I want to calculate the fourth square root of all my elements, but I get very strange results.

T = sqrt(T);

works ok but

T = sqrt(T);
T = sqrt(T);


T = pow(T,0.25f);

does not work at all. Do I have to use double precision for these calculations or can I solve it in some other way?

Try powf for single precision numbers.

They should work fine.

But you’re also using double precision calls (but not variables) now. You may want to use sqrtf() and powf(). But you should still be getting the fourth root even with the double precision calls (which would be casted up to doubles then back down to floats).

So what’s your “strange result” that “does not work at all”? It’s unlikely that those two methods you list would fail so badly, especially if a single sqrt() is OK.

No difference if I use sqrtf or powf instead.
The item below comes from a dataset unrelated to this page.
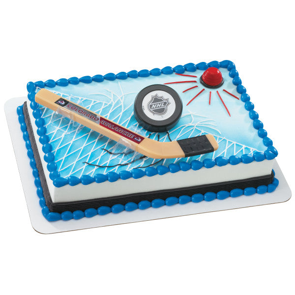 Celebre con un entusiasta del hockey con este pastel de acción de la NHL® Colorado Avalanche®. El NHL Slap Shot DecoSet cuenta con un palo de hockey y un disco como excelentes artículos para que cualquier fan los guarde después de su fiesta. Juego de 2 piezas.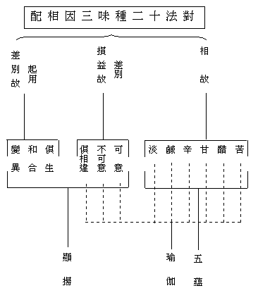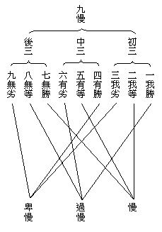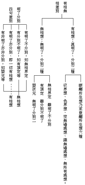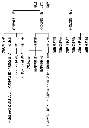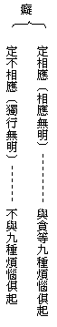 (三)无色界:无明支中,唯有胜义愚,有覆无记性。行支中,唯有不动行,唯有意业。识支,唯是化生天趣。名色支中,唯有名无有色。名中又无五识。六处支中,唯有意处。触支中,唯有俱相违触。受支中,唯有舍受。爱支中,唯有有覆无记性。取支中,概摄一切烦恼,在根本烦恼中,唯有九种,除去嗔心。随烦恼中,除小七(忿、恨、覆、恼、嫉、悭、害)中二(无惭、无愧)是不善性,唯欲界有故。诳、谄通欲界及初禅,憍及大八通三界。故随烦恼中,唯有憍及大八。有及生老死,准色界可知。

With a double sqrt all my values are at the end of the algorithm, after converting to uint16, either 0 or 65536.

So your only judge of whether these functions are working is by looking at some uint16 conversion or cast of the results? This

#include <stdio.h>

__global__ void kernel(void)


	float val = 1.2345e6f;

	float exponent = 0.25f;

	for(int i=0; i<4; i++) {

		val = powf(val,exponent);

		printf("%d: %f\n", i, val);



int main(void)





does exactly what one would expect:

avidday@cuda:~$ nvcc -arch=sm_20 -Xptxas="-v" 

ptxas info    : Compiling entry function '_Z6kernelv' for 'sm_20'

ptxas info    : Function properties for _Z6kernelv

    16 bytes stack frame, 0 bytes spill stores, 0 bytes spill loads

ptxas info    : Used 17 registers, 32 bytes cmem[0], 4 bytes cmem[14], 36 bytes cmem[16]

avidday@cuda:~$ ./a.out 

0: 33.332874

1: 2.402803

2: 1.245029

3: 1.056319

Have you considered that something else might not be correct in the code, perhaps?

Yes of course, but since it seems related to the double square root I wanted to check it first.

Introducing sqrt and pow, especially multiple repetitions of the double precision versions, will greatly increase the register count of the compiled kernel. Are you really sure that the kernel is actually running? It could be that if you haven’t adjusted your block size, that the kernel is failing to launch.

Problem solved, I made a mistake prior to the sqrt’s.

In terms of performance, you’d want to use nested calls to sqrt() instead of pow() to compute ^(1/4). pow() is quite expensive since it needs to handle many special cases and also needs additional arithmetic operations to ensure good accuracy across all combinations of arguments.

The performance is not the major issue in this case, now I want to calculate ^(1/16) but 32 bit floats seem insufficient for this.

What do you mean by “insufficient”? Accuracy? Range? What magnitude numbers are you trying to compute with?